Il n’avait que 5 ans. Pendant cinq jours, il a uni la planète toute entière autour de lui en suscitant une très grande émotion. Il a mis son pays, le Maroc, au centre du monde et nous a placés, nous Marocaines et Marocains, face à nous-mêmes et à notre conscience. Coincés dans une bulle à Casablanca, Rabat, Tanger ou Marrakech, nous aurions aimé soulever des montagnes (chose qui a été faite par les secouristes) pour sauver Rayan, l’âme innocente que nous avons tous adopté comme s’il était notre propre enfant.
Ce douloureux incident a été suivi de très près par SM le Roi, le père de la nation, qui a donné ses hautes instructions aux autorités concernées pour déployer tous les efforts possibles et nécessaires pour sauver l’enfant. Une initiative saluée par le monde entier.
Ce drame nous a aussi rappelé des vérités que nous avons tendance à cacher avec des œillères. Dans les grandes villes, tout est à portée de main ou presque : l’eau courante est un réflexe, l’électricité une évidence et manger à sa faim… la normalité. C’est le pays dans lequel nous vivons aujourd’hui, un pays dont le développement impressionne depuis une vingtaine d’années. Autoroutes, TGV, fibre optique, Malls et enseignes internationales de fast-food et de mode font partie de notre quotidien. Nous n’avons pratiquement rien à envier aux métropoles internationales… Mais Rayan nous a rappelé qu’une grande partie de nos concitoyens vit toujours dans une autre époque. Dans cette partie du Maroc profond, les besoins sont énormes et les insuffisances sont encore criantes. Une grande partie de la population n’a pas accès à l’eau, une denrée précieuse parce qu’elle est rare. L’école et la santé sont défaillantes ; l’habitat et les routes souffrent d’une grave carence. Ici, les enfants sont livrés à eux-mêmes. La pauvreté, conjuguée à l’ignorance, continue d’alimenter ce cycle de reproduction du sous-développement dans un environnement où les mentalités sont restées figées.
La réalité nous a heurté de plein fouet. Nous nous sommes, toutes et tous vus enfants enfermés dans une cavité à 32 mètres de profondeur avec la peur et la claustrophobie de notre conscience collective. Celle d’avoir à vivre avec la souffrance de l’enfant à qui nous nous sommes identifiés et que nous, pauvres mortels que nous sommes, étions incapables de sauver.

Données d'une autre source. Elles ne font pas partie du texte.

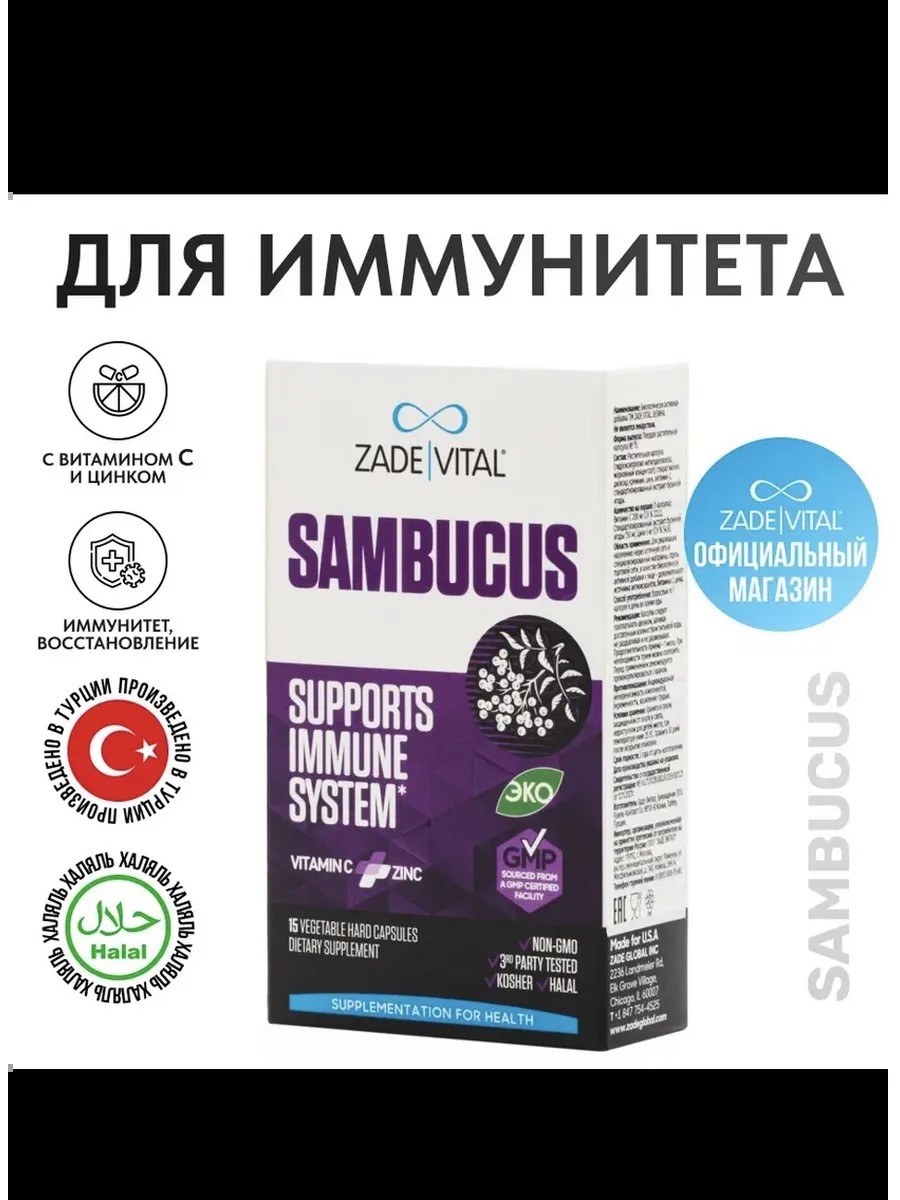 Zade Vital Elderberry Extract is an original complex that contains a unique combination of elderberry extract, zinc, and vitamin C.

Quel trouble dissociatif de l’identité !
L’humanité qui vit en chacun de nous a finalement triomphé. Nous avons tous prié pour que cette âme innocente soit sauvée. Ce fût un élan de solidarité sans précèdent qui a réuni des millions de personnes de par le monde ; du pape François au footballeur Ronaldo en passant par des personnalités influentes et des anonymes de contrées lointaines. Tous ont prié pour sauver Rayan, le Marocain. Mais, il n’a pas survécu et le monde a pleuré.
Aujourd’hui, cette triste et néanmoins belle histoire doit continuer à nous inspirer. Gardons Rayan dans notre cœur et sauvons les milliers de Rayan qui ont besoin de notre engagement véritable afin de sortir nos campagnes du cercle vicieux de l’ignorance et de la pauvreté.
Des efforts énormes ont été fournis pour arrimer cette partie du pays à la locomotive du développement. Mais, l’État seul ne peut pas tout faire. Le temps est venu de mobiliser davantage les forces vives de la nation pour créer et pérenniser cette chaine de solidarité qui caractérise le peuple marocain. Il est urgent de donner un nouvel élan à l’esprit associatif, engagé et responsable. Fournir aussi les moyens nécessaires aux associations déjà actives sur le terrain pour qu’elles puissent contribuer de manière concrète et significative au développement du pays, et apporter leur soutien aux personnes pénalisées par la géographie et l’oubli.
Ce sera là le meilleur Adieu à faire à cet enfant et il ne sera pas mort mais vivant pour l’éternité.